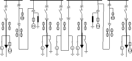 对于受电变压器总容量超过600kVA的中型企业的变、配电所可采用单路电源供电,单母线用隔离开关或断路器分段的主接线方式。双路电源供电,两台变压器采用单母线用断路器分段的主接线方式。这种方式接线的变、配电所适用于容量1000kVA及以上的双路供电的企业,供电比较可靠,运行方式灵活,倒闸操作比较方便,通信系统大型局站常采用这种主接线。(如图1-2-3)。
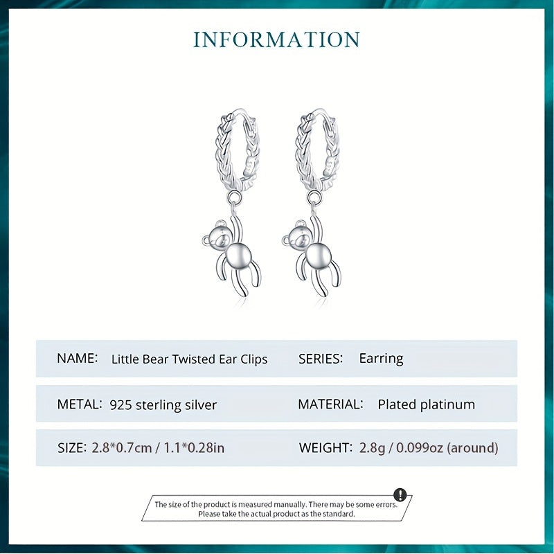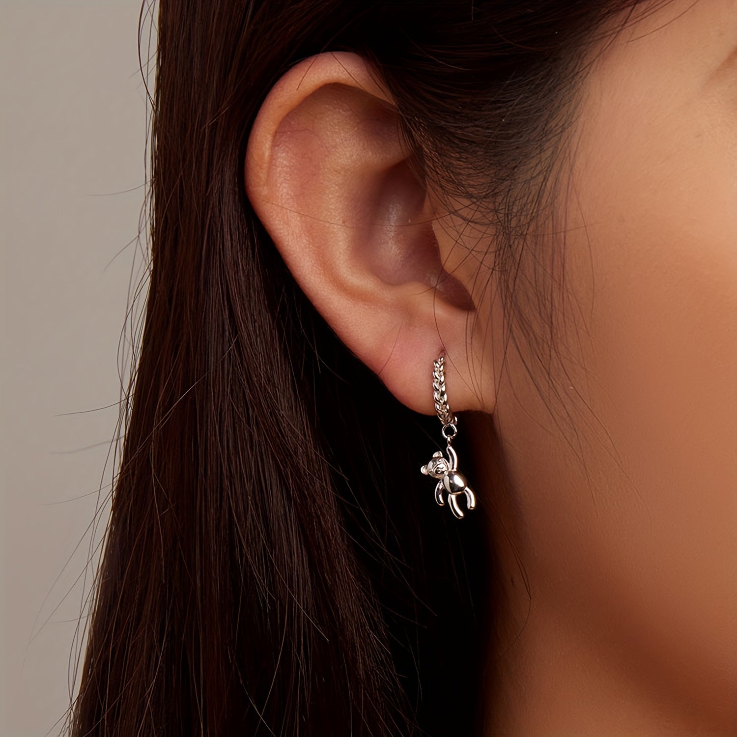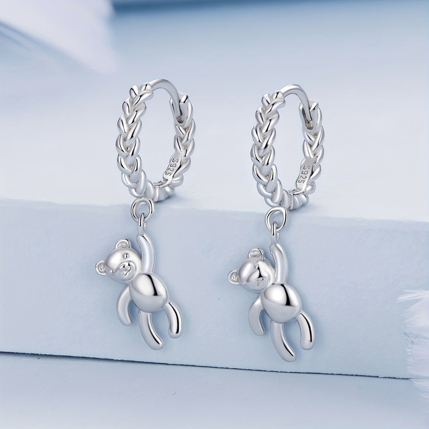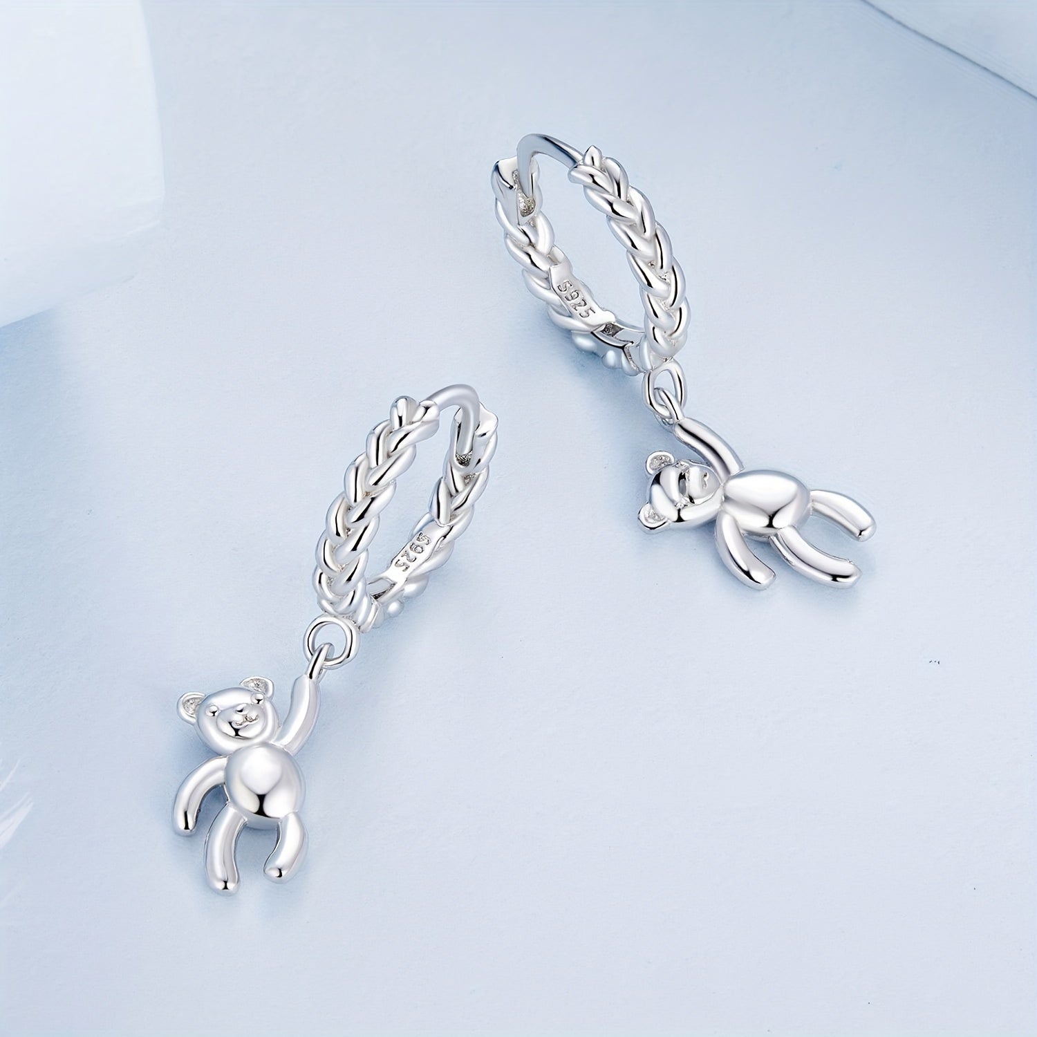 925 Silver Bear Hoop Earrings Japanese Style Gift for Women Girls
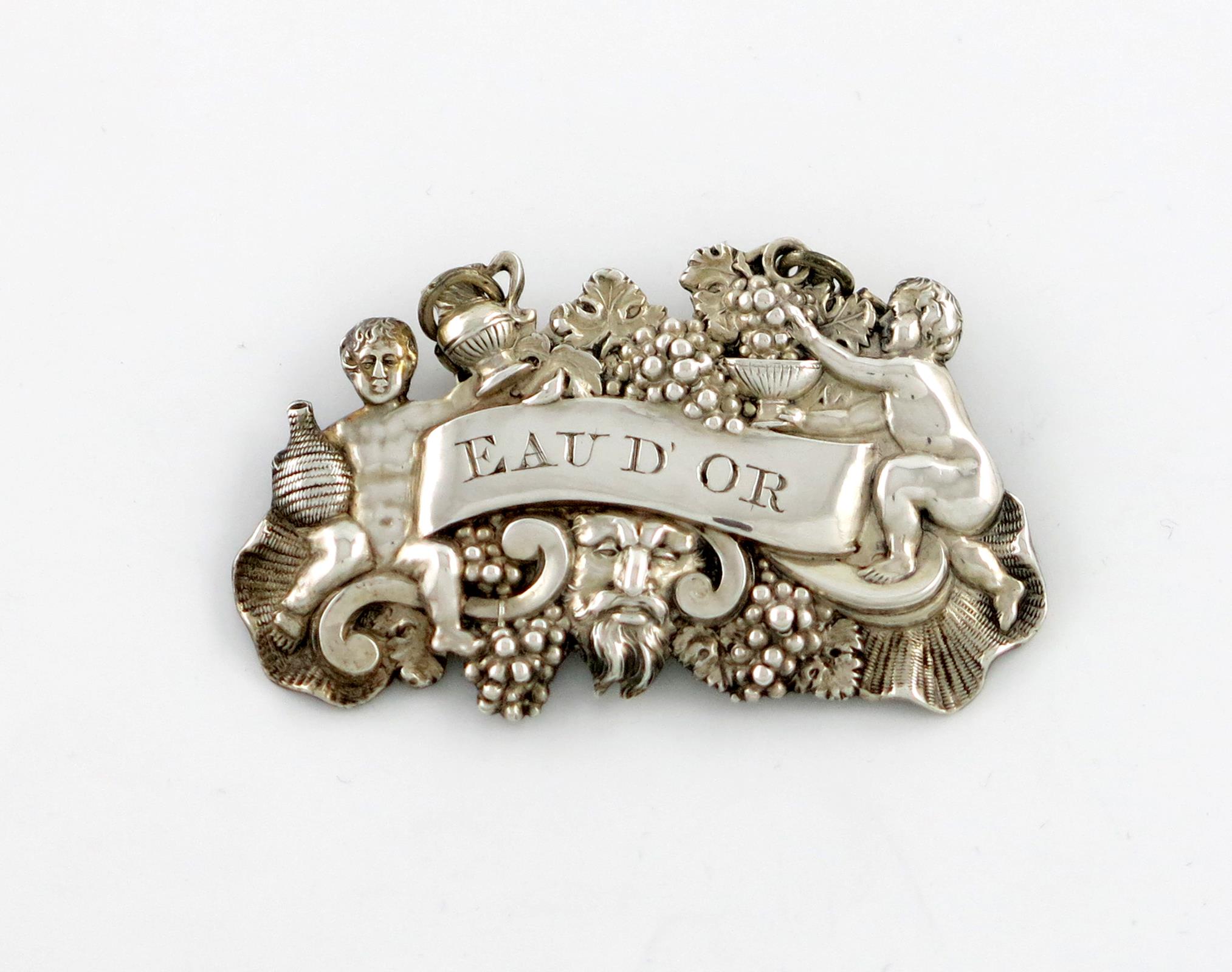shaped oval form, embossed with Bacchanalian putti and grapevines, incised 'EAU D' OR', length 6cm, approx. weight 0.4oz.
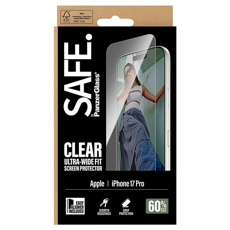 The SAFE. by PanzerGlass Screen Protector for iPhone 17 Pro offers superior protection with 60% recycled glass, safeguarding your device from drops, scratches, and shocks. Its ultra-wide fit ensures full coverage and clear screen visibility, while the fingerprint-resistant coating keeps your screen clean. With 100% touch sensitivity and easy installation using the included EasyAligner, this screen protector blends sustainability and functionality seamlessly.
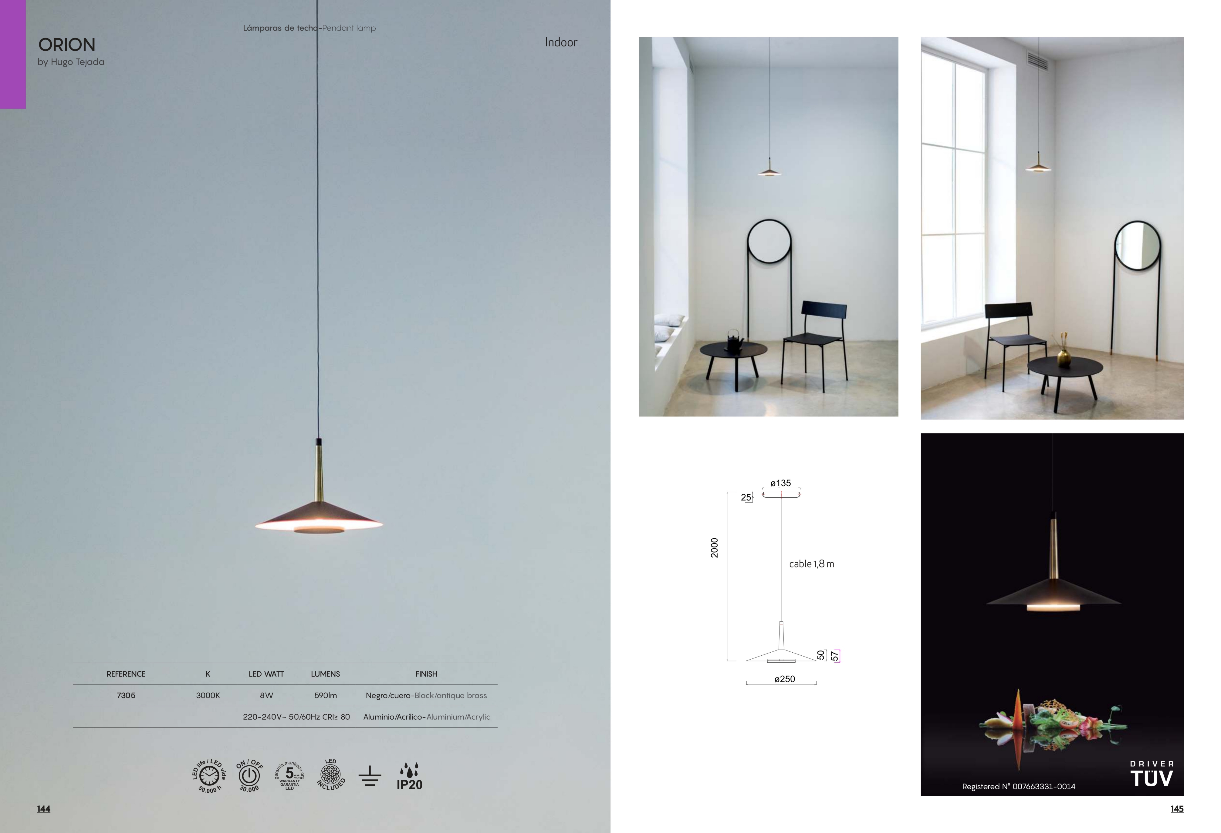 Ел. мощност 1 х 16 W Размери Ф25см x 6.7см x 2х3.5м Производител Mantra, Испания

######

Exercise goal: Only the lines from the one with "shaped oval form, embossed" through the end of the data, both ends included, should be written out exactly, and no pictures should appear.

Exercise answer:
shaped oval form, embossed with Bacchanalian putti and grapevines, incised 'EAU D' OR', length 6cm, approx. weight 0.4oz.
 The SAFE. by PanzerGlass Screen Protector for iPhone 17 Pro offers superior protection with 60% recycled glass, safeguarding your device from drops, scratches, and shocks. Its ultra-wide fit ensures full coverage and clear screen visibility, while the fingerprint-resistant coating keeps your screen clean. With 100% touch sensitivity and easy installation using the included EasyAligner, this screen protector blends sustainability and functionality seamlessly.
 Ел. мощност 1 х 16 W Размери Ф25см x 6.7см x 2х3.5м Производител Mantra, Испания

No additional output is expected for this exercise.